DUE ANNI E MEZZO. Tutto nasce nell’ottobre del 2017: la Procura antidoping apre un fascicolo su Magnini e Santucci partendo dall’inchiesta penale della procura di Pesaro sul medico Guido Porcellini, accusato di commerci di prodotti dopanti, falso e ricettazione. Poco importa che la Procura di Pesaro già a giugno del 2017 abbia accertato che l’ex capitano della Nazionale - pedinato e intercettato per sei mesi - fosse completamente estraneo alla vicenda. Non solo, nella sentenza Porcellini il magistrato è chiarissimo: “Il processo si è dilatato enormemente sul campione di nuoto ma i capi di imputazione non riguardano lui”.
«Magnini esempio per il movimento, nonché simbolo dello sport italiano e della lotta al doping nel corso della sua straordinaria carriera»
OTTO ANNI. Siamo a giugno 2018: Nado (l’organizzazione nazionale antidoping) chiede otto anni per Magnini per consumo o tentato consumo di sostanze dopanti, favoreggiamento, somministrazione o tentata somministrazione di sostanza vietata. Quattro anni invece la richiesta per Santucci.
QUATTRO ANNI. La sentenza di primo grado arriva cinque mesi dopo. Novembre 2018: quattro anni per uso o tentato uso di sostanze dopanti sia per Magnini che per Santucci.

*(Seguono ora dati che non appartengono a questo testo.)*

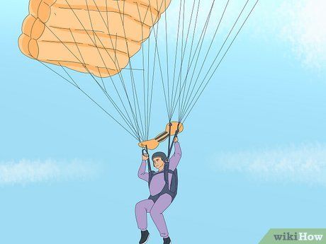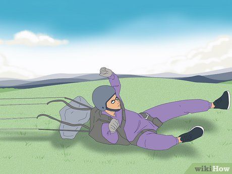 Steer with the cables and prepare for landing. Check that your reserve parachute has deployed successfully and get ready to land. You’ll have less time to prepare, so executing the landing properly is essential. To assume the correct position, point your feet toward the ground, keeping your heels up, and prepare to absorb the impact with your legs. Use the left and right steering cables to guide your descent, and look for a safe landing area, like an open field. Avoid landing near cliffs or hazardous obstacles such as power lines.
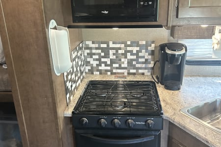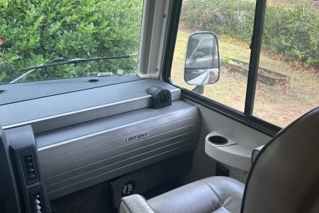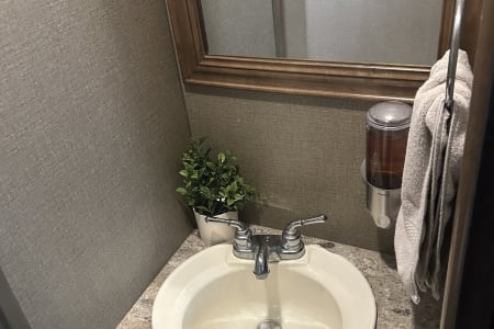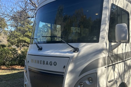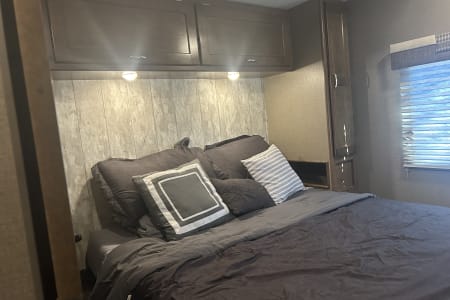 This 31 foot class A is perfect for groups or families traveling with children. There are 2 bunk beds that go along with a bunk over the driver compartment along with a dinner table and couch that fold down into more sleeping area. The main bedroom features a queen size bed, along with a 32” flat screen tv and ample storage space. The bathroom has a walk in shower along with sink and toilet. The living room area features a fridge and freezer along with stove and oven top. There is a microwave and double kitchen sink as well. There is 40” flat screen tv in this area. Outside you can lounge underneath the large awning and enjoy a meal with the outdoor dining area. There is a mini fridge along with a sink outside.
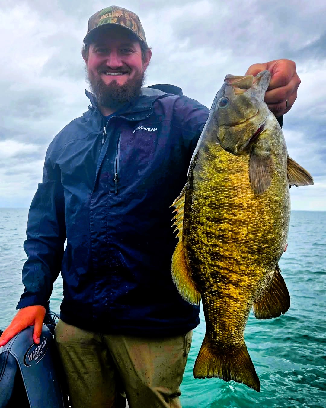 Pic 1 of 2, DO 05162025 – HUGE smallmouth bass, see caption in story. Captain Hans Mann photo.
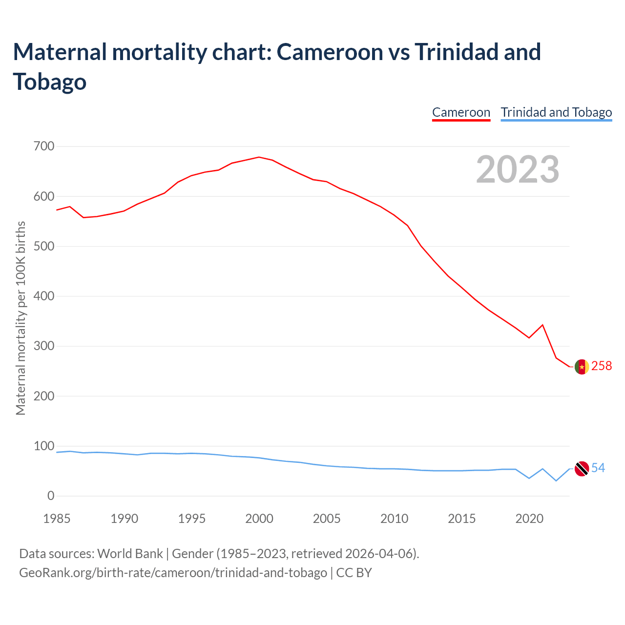 The maternal mortality rate, which is the probability of dying during childbirth or within 42 days of pregnancy termination, is 258 deaths per 100,000 live births in Cameroon, compared to 54 deaths in Trinidad and Tobago.
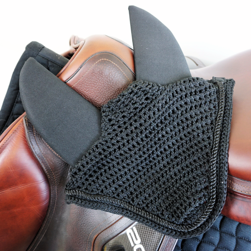 Huvan är virkad i mjukt bomullsgarn. Öronen är i tjock neopren som dämpar ljud utifrån. Diskret svart huva som är lätt att matcha din outfit och passar till hästar i alla olika färger.
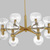 Londyn is inspired by geometric playful midcentury fixtures in metal and glass with exciting profiles and scale play. Rectangle stock metal rods and a playful layout of blown glass globes in two sizes with elegant metal cuffs create visual interest. This chandelier would be great above a dining table or casual island/nook.
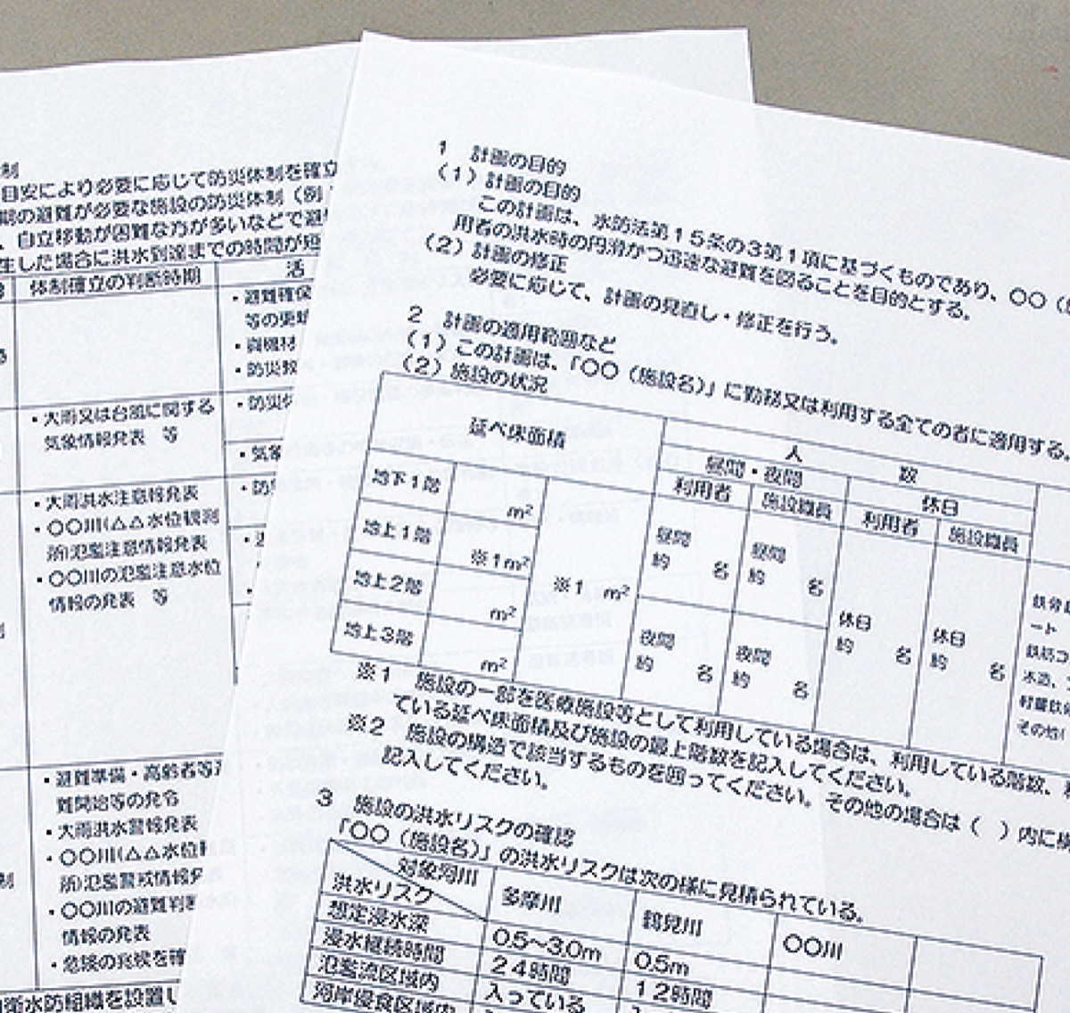 避難確保計画は、避難場所や避難時機、職員対応など、利用者の迅速な避難に必要な事項を記す。浸水想定区域や土砂災害警戒区域にある社会福祉施設や学校など避難に支援が必要な「要配慮者」の利用施設で作成が義務付けられている。

ASSOLTI. L’impianto accusatorio scricchiola già in secondo grado e siamo a maggio del 2019: Michele Santucci viene assolto, mentre a Magnini vengono confermati i quattro anni. Filippo annuncia il ricorso al Tas e, notizia di ieri, vince.
LE “PROVE”. Magnini non è mai stato trovato positivo e non ha mai saltato un controllo antidoping. L’accusa poggiava sui sei mesi di intercettazioni e pedinamenti da cui però è emerso che non ha mai ricevuto niente dalle mani di Porcellini e che al telefono ha parlato di “funghi” e “schede”. Intercettazioni diffuse solo in parte e interpretate nel modo peggiore per l’atleta. Quando in realtà i funghi esistevano davvero (un integratore a base di funghi), così come la scheda dei prodotti (tutti leciti) da assumere primo e dopo gli allenamenti. A Losanna hanno accertato questo: Magnini - come tutti gli atleti - faceva uso di integratori.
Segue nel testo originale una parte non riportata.